Personal information
- Date of birth: 24 November 1997 (age 28)
- Place of birth: Bodø, Norway
- Height: 1.78 m (5 ft 10 in)
- Position: Defensive midfielder

Team information
- Current team: Bodø/Glimt
- Number: 7

Youth career
- Bodø/Glimt

Senior career*
- Years: Team / Apps / (Gls)
- 2014–2022: Bodø/Glimt / 137 / (8)
- 2022: Lens / 17 / (0)
- 2022–: Bodø/Glimt / 116 / (20)

International career^{‡}
- 2014: Norway U17 / 8 / (0)
- 2015: Norway U18 / 9 / (0)
- 2016: Norway U19 / 3 / (0)
- 2021–: Norway / 51 / (0)

= Patrick Berg =

Norwegian footballer (born 1997)

Patrick Berg (born 24 November 1997) is a Norwegian professional footballer who plays as a defensive midfielder for Eliteserien club Bodø/Glimt and the Norway national team.

== Club career ==

===Bodø/Glimt===
Berg was born in Bodø. He made his senior debut for Bodø/Glimt on 12 July 2014 in a 3–0 loss to Odd.

Berg was appointed captain of the first team during the 2020 season. That year, he took part in his club's historic triumph, with FK Bodø/Glimt winning the Norwegian league championship for the first time in its history.

He was crowned Norwegian champion again in 2021.

===Lens===
On 20 December 2021, Berg officially joined Lens. He signed a contract running until June 2026, and the transfer fee paid to Bodø/Glimt was estimated at €4.5 million. The transfer became effective on 1 January 2022.

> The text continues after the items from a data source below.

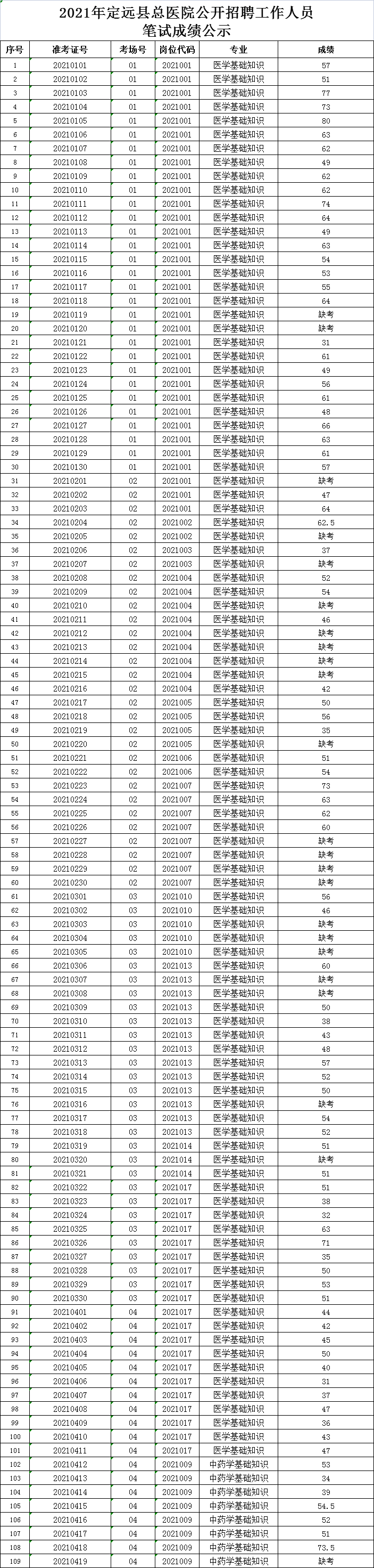 附:2021年定远县总医院公开招聘工作人员笔试成绩公示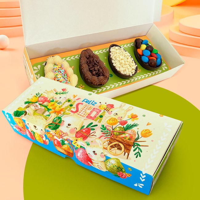 Caixa para 4 mini Ovos 50g Linha Páscoa (10 unidades)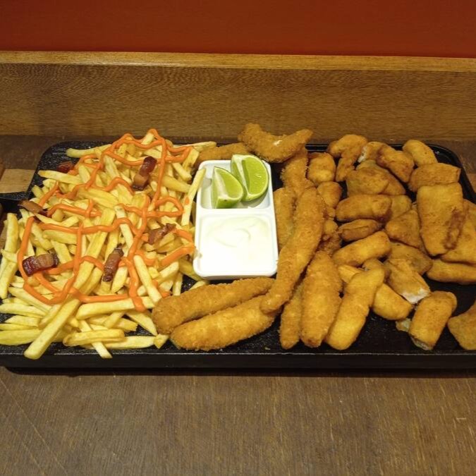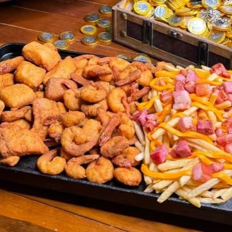 Deliciosa porção de Tilapia 250g mais Camarão 250g mais batata frita ou Polenta Gratinada 250g e bolinho de aipim5 00g (Carne seca ou Linguiça Blumenau ou Queijo).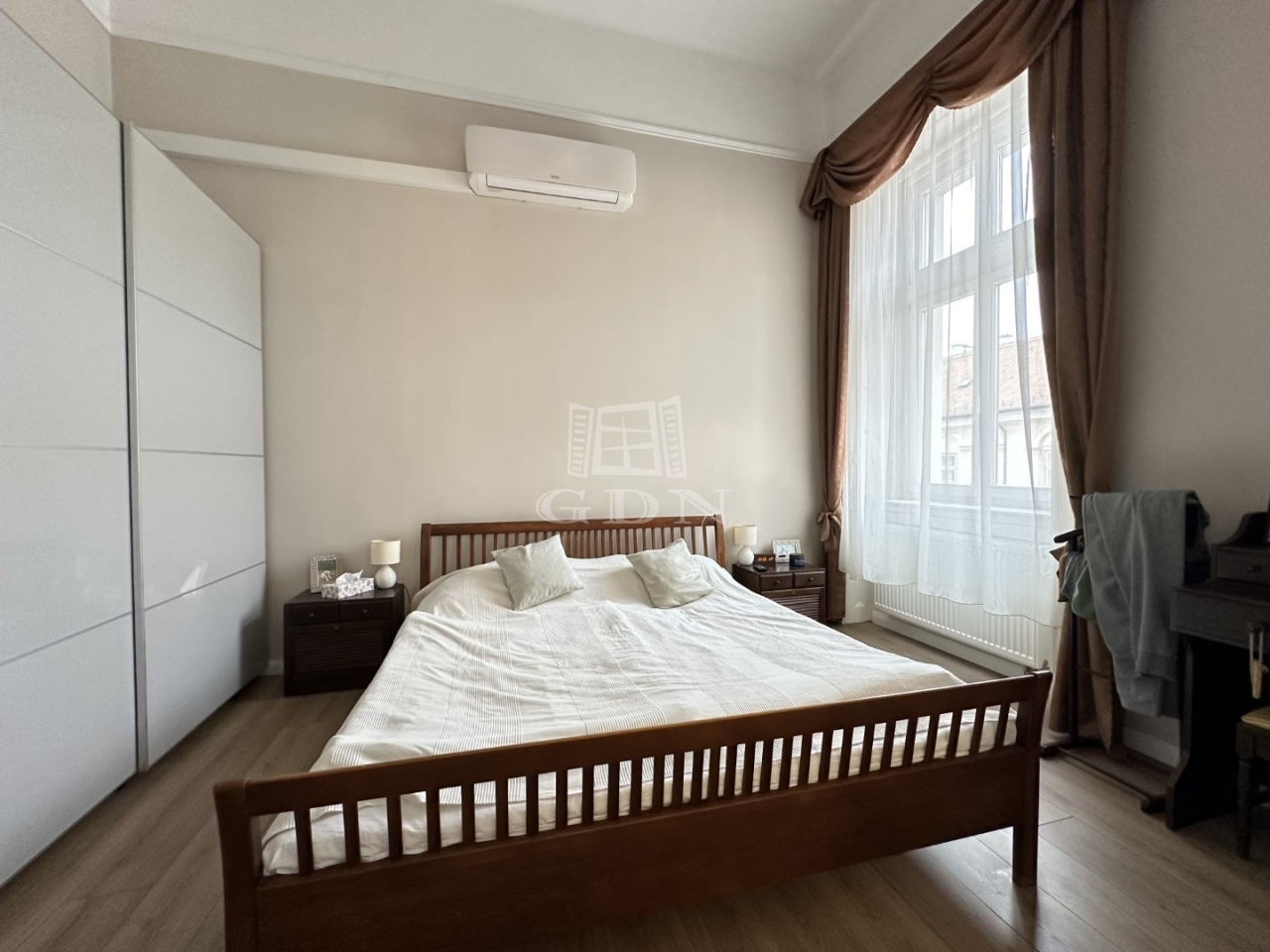 BL-004033 Történelmi Belvárosban (Fő utcán), frekventált helyen, társasházban első emeleti, 65 nm-es, nappali + 2 szobás + konyha-étkezős, tégla, gázkazán + radiátor fűtésű, tágas terekkel rendelkező, klimatizált lakás hosszútávra kiadó 2026.07.01 től.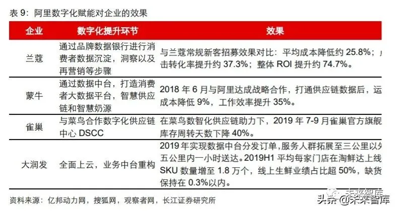 得益于阿里优秀的全链路数字化赋能力,目前已有众多商家与阿里进行数字化转型合作, 并取得了积极成效。如兰蔻在使用品牌数据银行进行精准营销后,点击转化率提升约 37.3%,整体 ROI 提升约 74.7%;蒙牛通过与阿里云合作数据中台建设,赋能供应链和 生产环节后,2019 年三季度成功实现了运输成本下降 9%,同时工作效率提升 35%。线下零售龙头大润发在获得阿里的业务中台数字化改造后,于 2019 年成功实现了淘鲜 达配送服务范围的扩大,同时平均每家门店在淘鲜达上线的 SKU 数量由 2018 年的 1.3-1.5 万个增至 2019H1 的 1.8 万个,涵盖生鲜食品和快消品,线上生鲜业绩占比超 50%,缺货率保持在 0.3%以内的较低水平,2019 年 6 月单店日均订单量达到 700 单。

He made his debut in a Lens shirt on 4 January 2022, in the Coupe de France derby against Lille, coming on in the 75th minute in place of Kevin Danso. The match ended 2–2, with Lens winning on penalties. He came very close to providing an assist to his teammate Ibrahima Baldé in the 90th minute.

He made his first start on 5 February 2022, against Lorient, following the suspension of Cheick Doucouré, in a 2–0 defeat. He then went on to make a series of substitute appearances. On 16 April 2022, he started against Lille in a 2–1 victory, delivering a highly convincing performance. He finished the season having mostly accumulated brief appearances with the Lens first team, marking a half-season of adaptation, as Franck Haise is known for taking considerable time to integrate players who have never played in Ligue 1.

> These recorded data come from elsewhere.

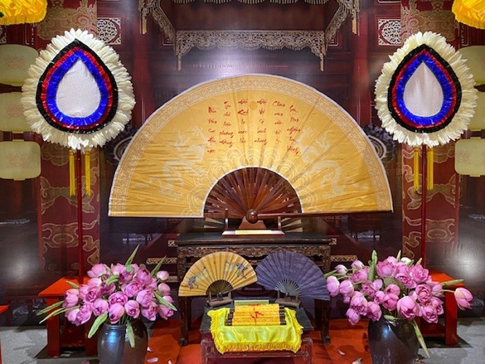 Trưng bày một số quạt dành cho vua, hoàng hậu và các quan được phỏng dựng trên các nguồn tư liệu. Ảnh: Thanh Tùng/ TTXVN |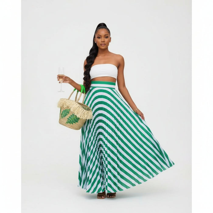 Make a statement with this luxuriously modern pleated long skirt. Styled with sophisticated lines, this fashionable piece will flatter all figures and bring an air of elegance and class to any wardrobe. Whether worn for a night on the town or to the office, the Pleated Long Skirt is a must-have for any stylish woman.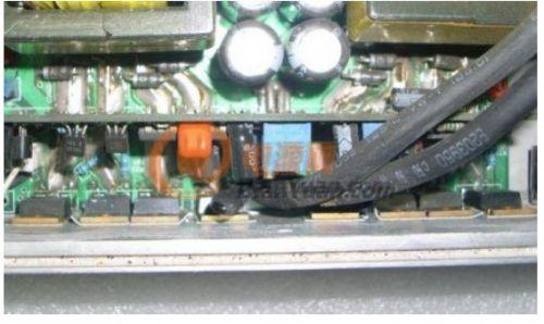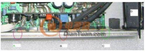 攝氏25度環(huán)境時(shí),輸出滿載1000W,10分鐘后圖片B處(8個(gè)MOS管的中心位置)的溫度比A處高出6~8度!C處(綠圈)最低,比B處低14~15度?。–處為進(jìn)風(fēng)口,D為風(fēng)扇,樣機(jī)為進(jìn)風(fēng)設(shè)計(jì),據(jù)說是用以延長含油軸承的壽命),同樣型號并聯(lián)工作的功率MOS管,實(shí)際工作的溫差那么大,自然對“均流”是極其不利!所以可靠性不高就不足為怪了。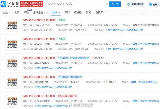 根据微博@新浪科技的消息称,企查查APP显示,《鹅鸭杀》出品方GAGGLE STUDIOS INC.(鹅群工作室股份有限公司)曾申请注册多枚“GOOSE GOOSE DUCK”商标,分类包括教育娱乐、科学仪器等,目前部分商标已成功注册。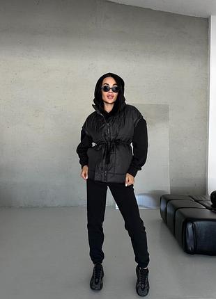 Неймовірно крутий костюмчик трійка з люксової фактурної тканини капітон, спортивний костюм, зіп худі джоггери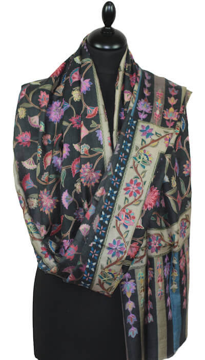 Étole en cachemire noir à motifs floraux brodée – L’élégance raffinée d’un savoir-faire traditionnel

However, things did not go as planned for Berg, who had been expected to succeed Doucouré following his transfer to Crystal Palace in the summer of 2022. The arrival of Ghanaian midfielder Salis Abdul Samed, newly signed from Clermont to strengthen the midfield, further clouded his future at Lens. Berg therefore began the 2022–2023 season on the bench, continuing to make substitute appearances, but increasingly in the final minutes of matches.

===Return to Bodø/Glimt===
On 29 August 2022, after only six months in France, Berg decided to return to Norway and rejoin his boyhood club, Bodø/Glimt. On 3 September 2023, Berg scored twice in a league match against Hamarkameratene. Despite his brace, neither side was able to secure victory, with the match ending in a 4–4 draw.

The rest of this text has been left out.